3.5. Fecal DI and Bacterial Abundance

DI was increased (P<0.0001) following the administration of metronidazole, with the highest values being on day 14, with continued elevations remaining throughout the study (Figure 6). At baseline, 3 of the 12 cats had DI values suggesting mild dysbiosis; however, antibiotics increased DI values in all cats and remained high for several days. Despite the 28-day antibiotic cessation, several cats remained dysbiotic (10 of 12 cats) until the end of the study.
Of the 9 fecal bacterial taxa that are components of the DI calculation, five demonstrated various recovery patterns and abundances when evaluated against reference intervals (Figure 6). Fecal Bifidobacterium abundance increased following metronidazole administration (day 14; P<0.0001) and remained elevated through day 35. Metronidazole administration (day 14) reduced (P<0.01) the abundance of fecal P. hiranonis, with 10 of 12 cats being affected after four-weeks (day 42) post-metronidazole.
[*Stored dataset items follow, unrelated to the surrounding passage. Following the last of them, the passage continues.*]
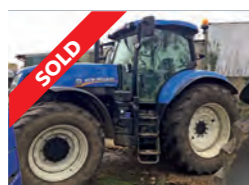
2014 New Holland T7.250 Power Command Classic, c/w front linkage & PTO, air brakes £43,500 AD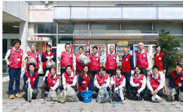
Around the Global Headquarters and R&D Center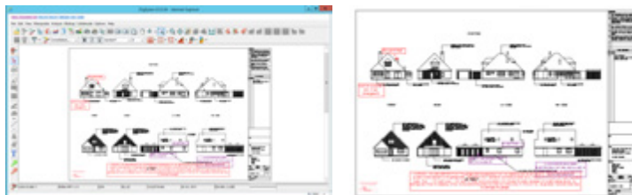
Users can review plans from familiar Accela workflows and screens

Cities and other public sector organizations can further exploit their investment in Accela when using DigEplan. DigEplan enables Accela users to efficiently work with electronic plans that need to be viewed, commented upon, stamped and rejected or approved. The solution also supports, citizen taxes, civil engineering and other departments. The integration to Accela allow users to instantly access plans for viewing, annotation, stamping and archiving, removing the need for paper, end-to-end.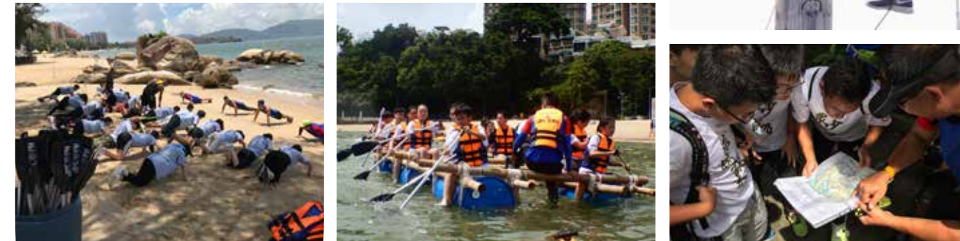
Braving the challenges in mountains and at sea, project participants earned self-assurance with the effort they made.

Project participants successfully completed a five-day-four-night leadership training programme at the JPC@Pat Heung. During the training period, they met the challenge of the longest (100 metres) zipline in Hong Kong, took part in night orienteering, learned the survival skills in the wild, built a raft and experienced canoeing. Other than enhancing their physical fitness, courage, problem-solving capability, team spirit and leadership, participants could also have a better understanding of the work of the Police Force through the programme.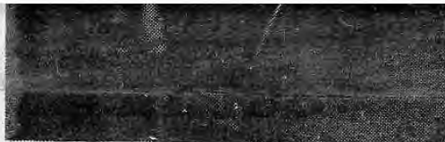
Sue Smelker getting ready to give blood.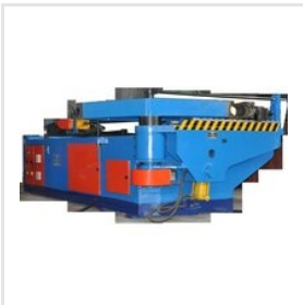
Single Axis Pipe Bending Machine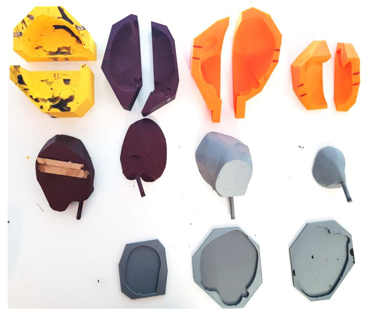
Figure 4. Mould negatives built using rigid materials that were used for moulding flexible phantom hearts with flexible material

The case example used to demonstrate this prototyping method, a challenge of fabricating and testing a phantom heart in a composite silicone material is considered. This phantom heart was to be used for research on heart flow and ultrasound imaging. To create this phantom, a contrast material was added the silicone to make the part visible on the ultrasonic imaging equipment. For the phantom to achieve flow conditions as found in real heart, the physical model had to replicate key anatomical features of a human heart. High resolution and fidelity were hereby needed to fulfil flow conditions, shape resemblance, and deformation resemblance to a real heart. An additional point to make is that the phantom needed to withstand the internal pressure present as the closed liquid system where to be displayed in air rather than dispersed in liquid. In this case, the heart was first prototyped virtually to create the mould negatives using fused filament fabrication, as shown in Figure 4, and was then moulded using silicone, as shown in Figure 5.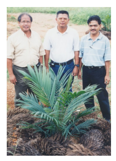
Figure 5. A young palm tree growing well in a planting hole enhanced with OrganiGro.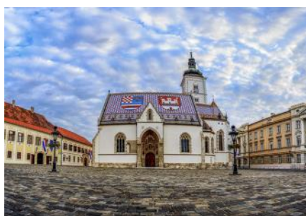
St Mark's Church (Zagreb)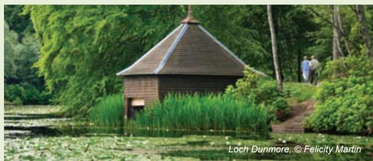
Loch Dunmore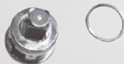
For round head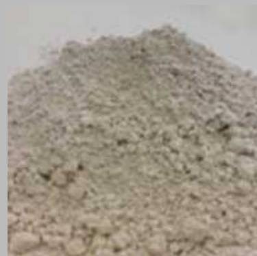
Kaolin China Clay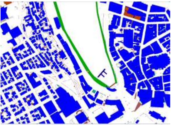
Figure 1. Illustration without port information from common map database. Like it is today.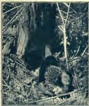
Guarding the Nest

ALTHOUGH in the Bible story the quail sent as meat to the famished is properly called a quail, there is no such bird in this country, as the American quail, so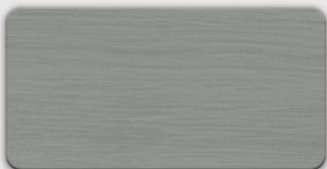
TX Velvet Zinc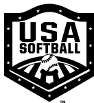
Allowed in all Slow Pitch, Men's and JO Boys Fast Pitch and Men's Modified Only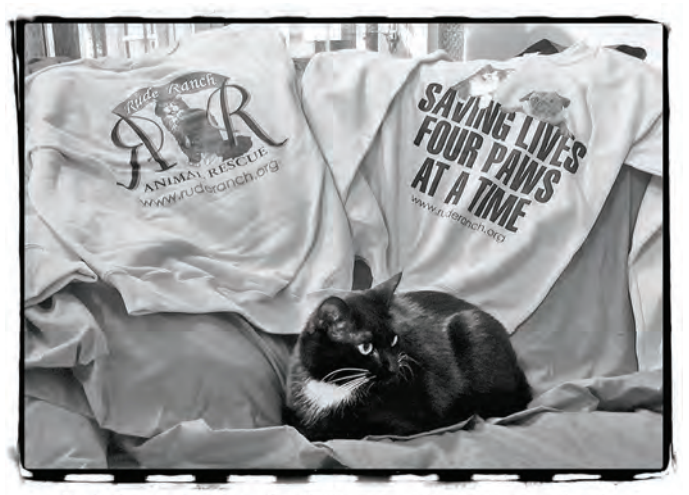
Rude Ranch and Spay Spa T-Shirts and Sweatshirts make the purr-fect holiday gifts. (Sorry, Stewie not included!)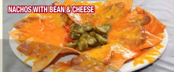
NACHOS WITH BEAN & CHEESE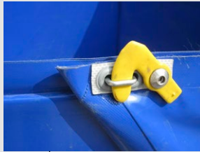
After erecting the hexagonal tarp is fixed with special fastening hooks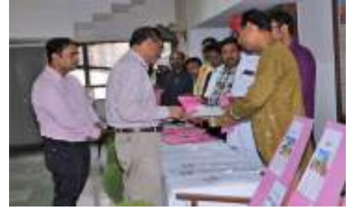
Shri Rishi Vashist, Director, CCRT interacting with participants at an exhibition on occasion of the workshop on 'Role of Museums in School Education'.

The CCRT workshop delved into the vital connection between museums and school education. Participants received invaluable insights into the diverse facets of museums and their integration with classroom teaching, all aligned with the vision of NEP 2020. Participants experienced an enriching visit to the national museum, immersing themselves in India's tangible cultural heritage, and fostering a deep appreciation for art, literature, and heritage. The exploration continued with insightful documentaries on Indus Valley Civilization, followed by guided tours through various galleries of the national museum, enhancing participant's understanding of diverse art forms and their significance. The workshop also included a visit to the National Crafts Museum and Hastkala Academy where they were provided with an overview of India's crafts traditions, emphasizing practical demonstrations and highlighting the cultural significance of weaving techniques.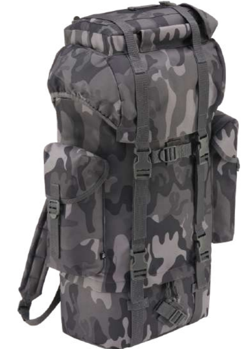
COLOR | 12222 · grey_camo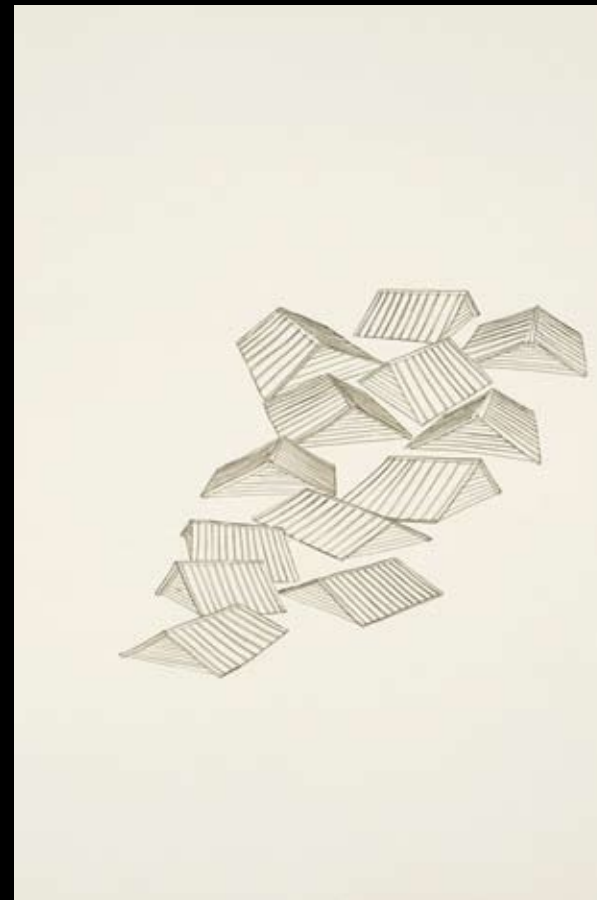
(8) Untitled , 2008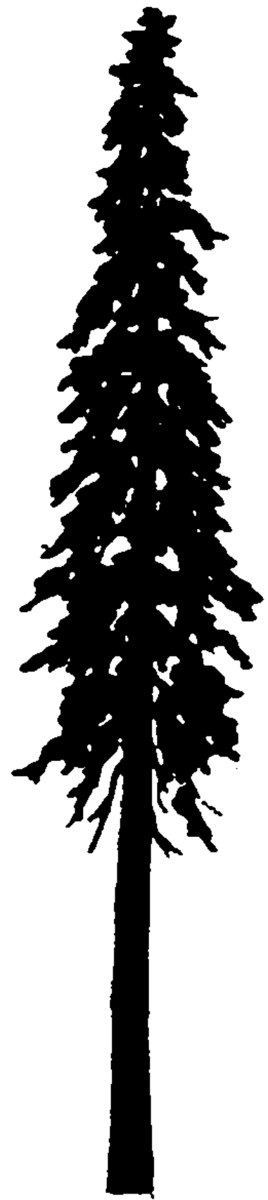
Abies amabilis - Pacific silver fir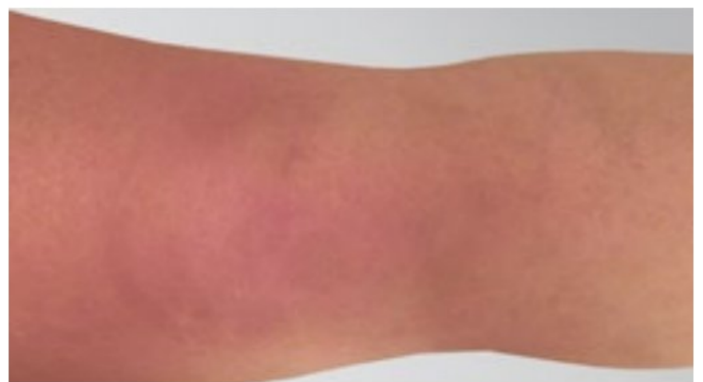
INNER THIGH before/after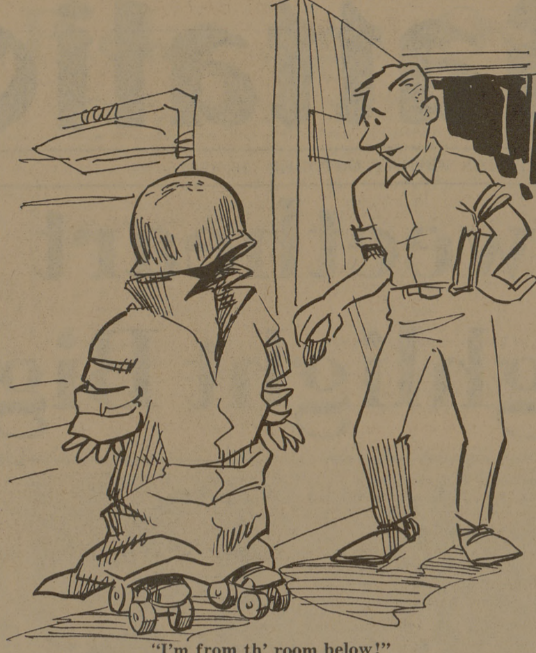
"I'm from th' room below!"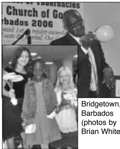
Bridgetown, Barbados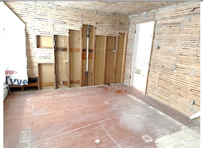
Bedroom 3 upstairs with the culprit revealed and repaired.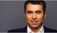
Matthew Alphaeus Reporter

As they came out, they found a man of Cyrene, Simon by name, and they compelled him to go with them, that he might carry his cross. They came to a place called “Golgotha”, that is to say, “The place of a skull.” They gave him sour wine to drink mixed with gall. When he had tasted it, he would not drink. When they had crucified him, they divided his clothing among them, casting lots, and they sat and watched him there. They set up over his head the accusation against him written, “THIS IS JESUS, THE KING OF THE JEWS.” Then there were two robbers crucified with him, one on his right hand and one on the left. Those who passed by blasphemed him, wagging their heads, and saying, “You who destroy the temple, and build it in three days, save yourself! If you are the Son of God, come down from the cross!” Likewise the chief priests also mocking, with the scribes, the Pharisees, and the elders, said, “He saved others, but he can’t save himself. If he is the King of Israel, let him come down from the cross now, and we will believe in him. He trusts in God. Let God deliver him now, if he wants him; for he said, ‘I am the Son of God.’” The robbers also who were crucified with him cast on him the same reproach. Now from the sixth hour there was darkness over all the land until the ninth hour.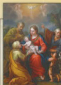
CC-05 Christmas Card Set

"Behold, I will come bearing gifts and frankincense, and kneeling adore the son of the Virgin." - Luke 1:33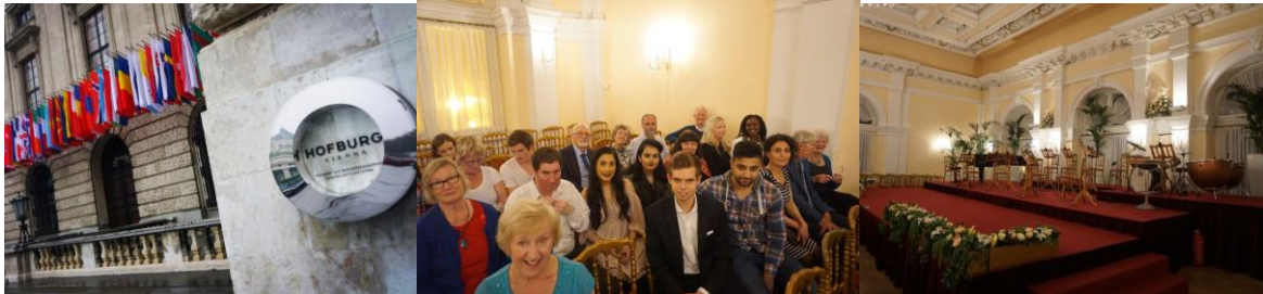
OSCE meeting at the Hofburg

One cat maintained P. hiranonis abundance within the reference interval for the duration of the study, with a second cat spontaneously recovering P. hiranonis abundance 21 days after cessation of metronidazole.
Fecal E. coli abundance was increased (P<0.0001) following metronidazole administration, with increased abundances at days 14 and 21 (P<0.0001). Fecal E. coli abundance returned to baseline levels for the remaining time points. All cats immediately following metronidazole (day 14) had above-reference abundances, with prolonged elevation observed in 50% (6/12) of cats after one-week (day 21) and 16.7% (2/12) of cats after one-month (day 42) post-metronidazole.
Fecal Faecalibacterium abundance was reduced (P<0.0001) following metronidazole administration (day 14) and remained low through day 21 (P<0.01), with 8 of 12 cats being below the reference interval. However, fecal Faecalibacterium abundance recovered in all cats by day 35.
Fecal Streptococcus abundance decreased following metronidazole administration (day 14; P<0.001) but quickly returned to baseline levels. The remaining bacterial taxa measured (Bacteroides, Blautia, Fusobacterium, and Turicibacter) are presented in Supplementary Figure S12. While a few differences (P<0.05) were observed, all of these taxa remained within established reference intervals throughout the study.

3.6. Serum Metabolites

3.6.1. Serum uremic toxin concentrations

The assay for measurement of IS and PCS in canine and feline serum was shown to be accurate and precise (CV% < 12%), sensitive, selective, stable, free of matrix effect, and not affected by lipemia in canine samples. Results of analytical validation are presented in Supplemental File S1. The working range of the assay was 1–40,000 ng/mL.
Concentrations of serum uremic toxins, IS and PCS, are presented in Figure 7. Serum IS concentrations were lower at day 21 (P<0.01) and day 42 (P<0.05) than at baseline. Serum PS concentrations were reduced after metronidazole administration (P<0.01) but were not different from baseline for all other timepoints.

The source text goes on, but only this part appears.